Kenneth Rothweiler and Daniel Jeck have settled a case for a 45 year old man who died of a heart attack after being prematurely discharged from a local emergency room.
The 45 year old man entered the emergency room complaining of chest pain, arm numbness, nausea, vomiting and a two-day history of “something stuck in my chest.” After an unremarkable physical examination an EKG was ordered. The EKG came back normal and after a plethora of other tests, consultations with specialists, and a day of observation in the hospital it was decided that the patient would have to undergo a stress test with a cardiologist at a different hospital.
Ten hours after his discharge the patient woke in the middle of the night with severe chest pain, bilateral arm pain, nausea and vomiting and his wife took him to the hospital where his scheduled stress test was to be performed. The patient entered the emergency room and is documented to have been suffering from level 9 out of 10 chest pains. Once again initial physical exams and work ups came back unremarkable and another EKG was ordered. The EKG came back and when compared with previous EKGs was abnormal. A GI cocktail was ordered for the patient and his chest pain improved but he still experienced pins and needles in his left hand. A couple hours later another EKG was performed and also came back abnormal. Despite two abnormal EKGs, complaints consisted with heart problems, and two days and two hospital visits documenting the discomfort, the patient was discharged from the hospital.

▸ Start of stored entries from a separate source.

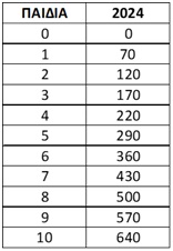 Επίδομα οικογενειακής παροχής:Μετά τις πρόσφατες αυξήσεις με τον Νόμο 5045/2023, το επίδομα αυτό είναι επιπλέον 70 ευρώ μικτά για πρώτο παιδί, 50 ευρώ επιπλέον για δεύτερο, 50 ευρώ επιπλέον για τρίτο, 50 ευρώ επιπλέον για τέταρτο παιδί και 70 ευρώ επιπλέον για πέμπτο παιδί και πέρα. Αυτό δίνεται μέχρι το 18ο έτος του τέκνου και μέχρι το 24ο αν φοιτά σε μεταλυκειακό ίδρυμα.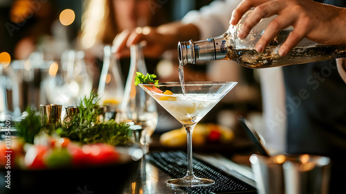 Bartender pouring a classic martini, vibrant garnishes prepared on the counter, guests enjoying conversations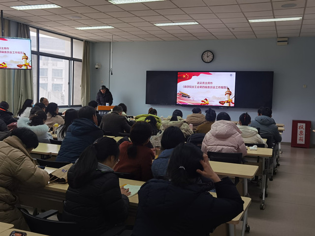 马仕锦副书记介绍了分工会换届改选工作的筹备情况,对分工会委员候选人和代表候选人产生的过程作出详细说明。大会通过了选举办法,表决通过了监票人和计票人名单。选举以无记名投票的方式进行,刘眉、柳莹、陈培文、齐鹏程、赵星、桑小娟、孙兴盛等7名同志当选新一届分工会委员会委员。全体委员表示一定不负厚望,不断创新载体,开展更多让教职工喜闻乐见的活动,把分工会工作不断推向新的高度。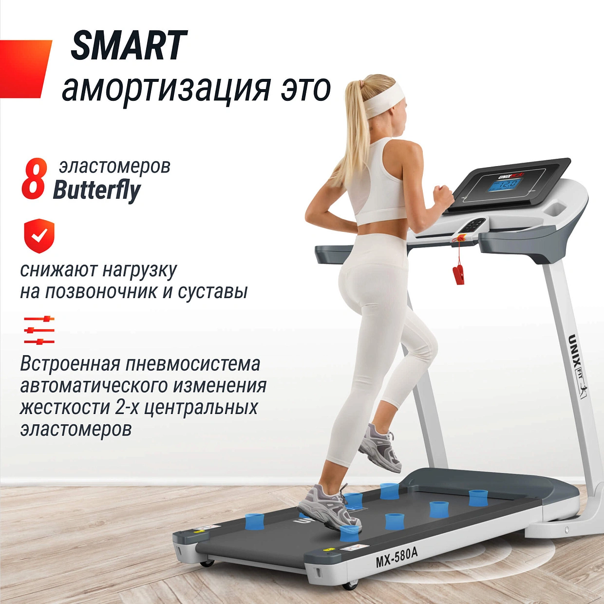 Особое внимание уделено заботе о ваших суставах и спине благодаря уникальной системе умной амортизации. Встроенная пневмосистема автоматического изменения жесткости амортизации двух центральных эластомеров предназначена для улучшения показателей выносливости и силы мышц ног. Восемь эластомеров бабочек / Butterfly эффективно нейтрализуют до 95% ударной нагрузки, обеспечивая мягкость движений и снижая риск травмирования позвоночника и коленей.

The patient and his family returned home and that afternoon his wife left her husband to go to the store. When she returned she found her husband unresponsive on the bathroom floor. Paramedics were called and just several hours after his discharge the patient was pronounced dead of a heart attack.
Mr. Rothweiler and Mr. Jeck prepared a case that proved that the second emergency room doctor and hospital was responsible for the death of their client. The doctor breached the standard of care and was negligent in discharging a patient with significant signs and symptoms of an impending heart attack. Shortly before trial the matter settled for $1.4 million.